Investigadores chilenos estudiarán si el consumo diario de proteínas lácteas, acompañado de ejercicios de fuerza, puede contrarrestar la pérdida muscular que se produce con la edad.
La propuesta también evaluará sus efectos en la composición corporal, el metabolismo y la longitud de los telómeros, estructuras vinculadas con el envejecimiento biológico.
La investigación estará a cargo de un equipo encabezado por Silvana Trinidad Trunce, nutricionista, académica e integrante del Laboratorio REDES (EQM210056) de la Universidad de Los Lagos. El trabajo tendrá una duración de un año e incluirá a cerca de 60 personas de 60 años o más con obesidad, quienes serán reclutadas durante los próximos meses.
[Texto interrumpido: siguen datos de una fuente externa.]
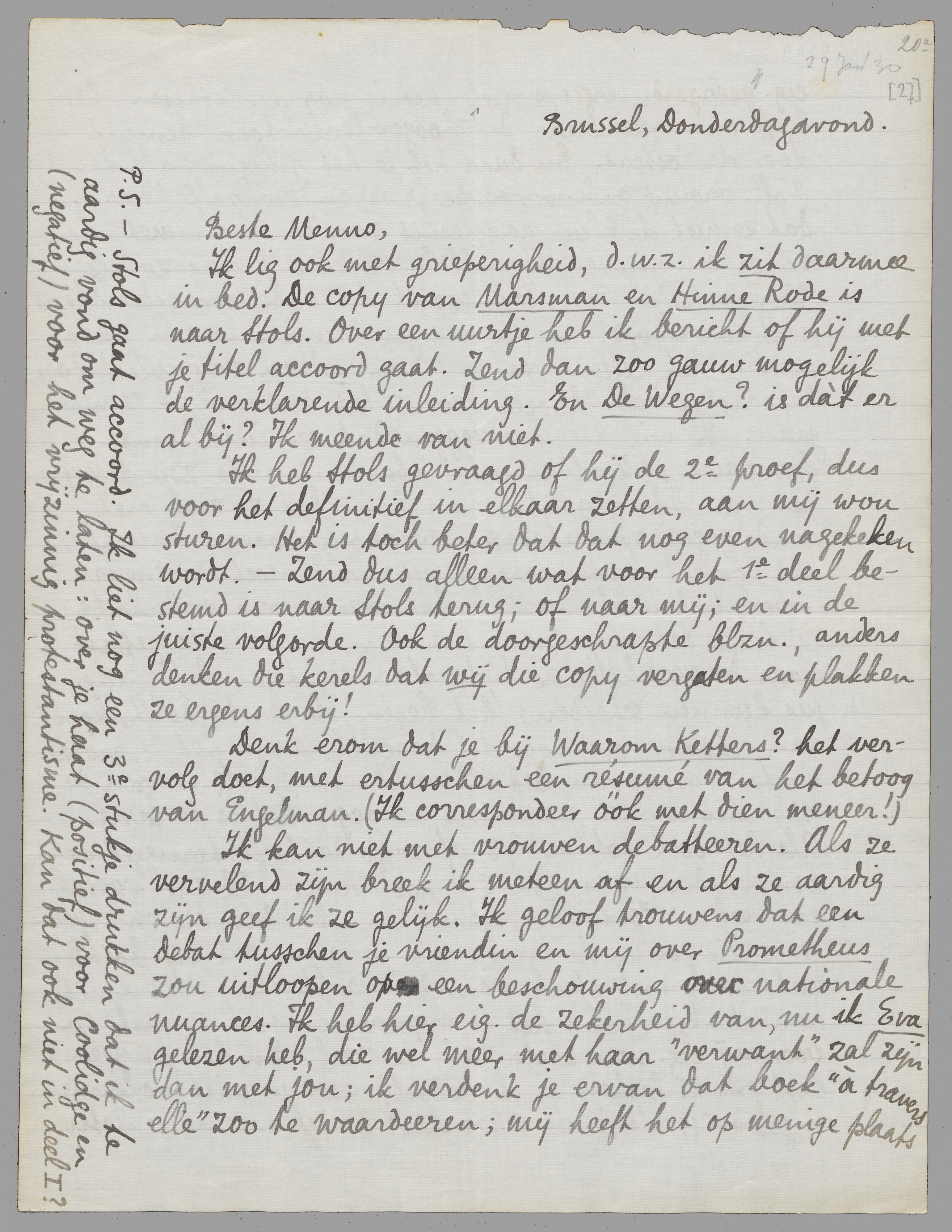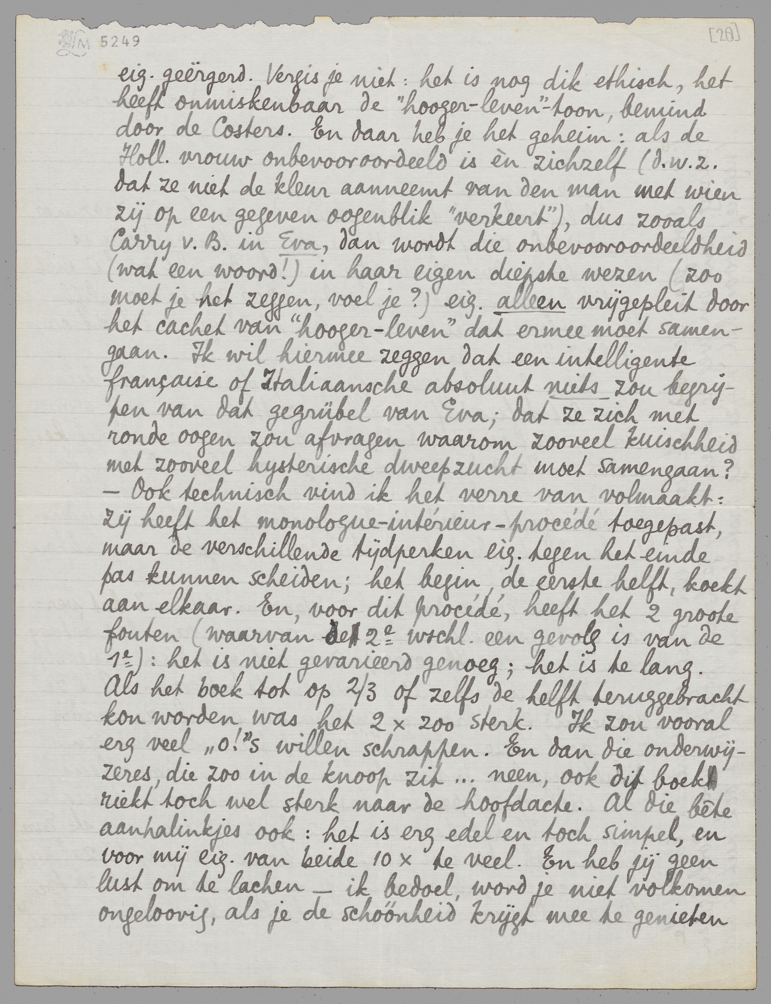 Ik kan niet met vrouwen debatteeren. Als ze vervelend zijn breek ik meteen af en als ze aardig zijn geef ik ze gelijk. Ik geloof trouwens dat een debat tusschen je vriendin en mij over Prometheus zou uitloopen op een beschouwing over nationale nuances. Ik heb hier eig. de zekerheid van, nu ik Eva gelezen heb, die wel meer met haar verwant zal zijn dan met jou; ik verdenk je ervan dat boek ‘à travers elle’ zoo te waardeeren; mij heeft het op menige plaats eig. geërgerd. Vergis je niet: het is nog dik ethisch, het heeft onmiskenbaar de ‘hooger-leven’-toon, bemind door de Costers. En daar heb je het geheim: als de Holl. vrouw onbevooroordeeld is èn zichzelf (d.w.z. dat ze niet de kleur aanneemt van den man met wien zij op een gegeven oogenblik ‘verkeert’), dus zooals Carry v.B. in Eva, dan wordt die onbevooroordeeldheid (wat een woord!) in haar eigen diepste wezen (zoo moet je het zeggen, voel je?) eig. alleen vrijgepleit door het cachet van ‘hooger-leven’ dat ermee moet samengaan. Ik wil hiermee zeggen dat een intelligente française of Italiaansche absoluut niets zou begrijpen van dat gegrübel van Eva; dat ze zich met ronde oogen zou afvragen waarom zooveel kuischheid met zooveel hysterische dweepzucht moet samengaan? - Ook technisch vind ik het verre van volmaakt: zij heeft het monologue-intérieur-procédé toegepast, maar de verschillende tijdperken eig. tegen het einde pas kunnen scheiden; het begin, de eerste helft, koekt aan elkaar. En, voor dit procédé, heeft het 2 groote fouten (waarvan de 2e wschl. een gevolg is van de 1e): het is niet gevarieerd genoeg; het is te lang. Als het boek tot op 2/3 of zelfs de helft teruggebracht kon worden was het 2 × zoo sterk. Ik zou vooral erg veel ‘o's!’ willen schrappen. En dan die onderwijzeres, die zoo in de knoop zit... neen, ook dit boek riekt toch wel sterk naar de hoofdacte. Al die bête aanhalinkjes ook: het is erg edel en toch simpel, en voor mij eig. van beide 10 × te veel. En heb jij geen lust om te lachen - ik bedoel, word je niet volkomen ongeloovig, als je de schóónheid krijgt mee te genieten van die verzen (die heusch wel samengaan met de rest):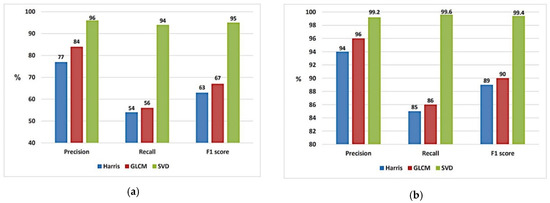 As shown in Table 5, the greater the number of frames inserted from the external video, the faster the forgery position is determined because this increase of forged frames causes a significant change in the content of the video. The charts in Figure 7a,b visually summarize the results of Table 5. It visually points out the superiority of the SVD feature extraction method in both detecting and locating phases, and it has the best results in terms of precision, recall and F1 score. For more robust investigations, the proposed scheme is tested against the increase in the number of frames inserted into the original videos.
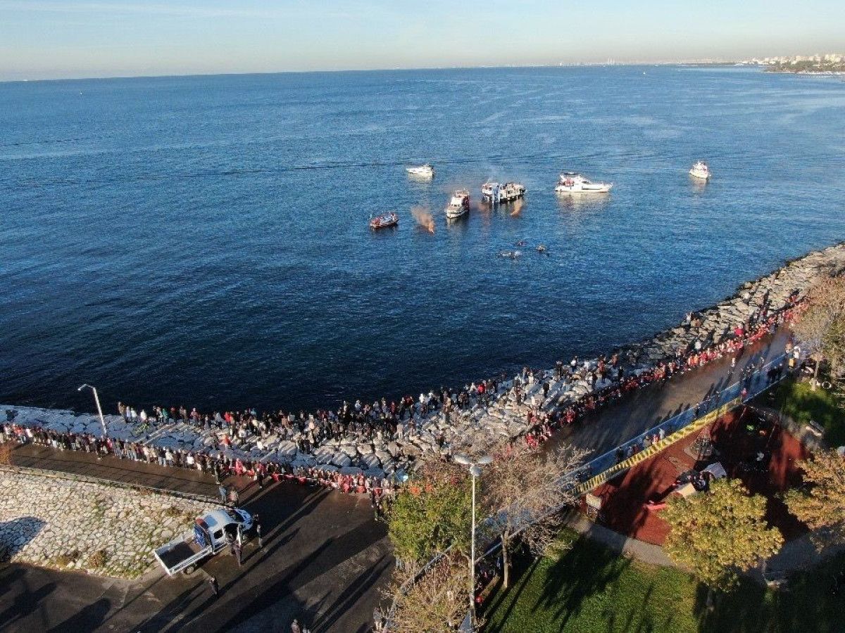 Kadıköy’de 2013’ten bu yana düzenlenen “Ata’ya saygı zinciri”ne denizden tekneler, kanolar ve yelkenliler de katıldı.

El estudio se realizará en el campus Puerto Montt de la Universidad de Los Lagos, donde cuentan con equipamiento para medir con precisión la composición corporal de los participantes.
“En las personas mayores con obesidad hay una mayor adiposidad, pérdida de masa muscular y, muchas veces, un deterioro funcional”, explicó Trunce durante la presentación del proyecto.
Los participantes serán distribuidos al azar en dos grupos. Uno recibirá diariamente 30 gramos de proteína láctea y realizará dos veces por semana ejercicios de fuerza de alta velocidad. Se trata de un entrenamiento adaptado a las capacidades de las personas mayores, que incluirá el uso de bandas elásticas y será dirigido por una kinesióloga.
El grupo de control recibirá consejería nutricional, pero no consumirá el suplemento ni participará en un programa estructurado de ejercicios.
La intervención se extenderá durante 12 semanas. Al comienzo y al final de ese periodo se medirá la masa muscular y grasa de los participantes. También se realizarán exámenes de glucosa, insulina, lípidos y presión arterial, junto con pruebas de fuerza, marcha y movilidad. La evaluación incluirá además aspectos cognitivos, calidad de la alimentación y calidad de vida.
Uno de los problemas frecuentes durante el envejecimiento es que los músculos responden cada vez menos al aporte de proteínas. Este fenómeno, conocido como resistencia anabólica, dificulta conservar o recuperar masa muscular, especialmente cuando se combina con obesidad y baja actividad física.
El equipo espera establecer si la suplementación, unida al entrenamiento, ayuda a aumentar la masa magra, reducir la grasa corporal y mejorar el perfil cardiometabólico y la funcionalidad.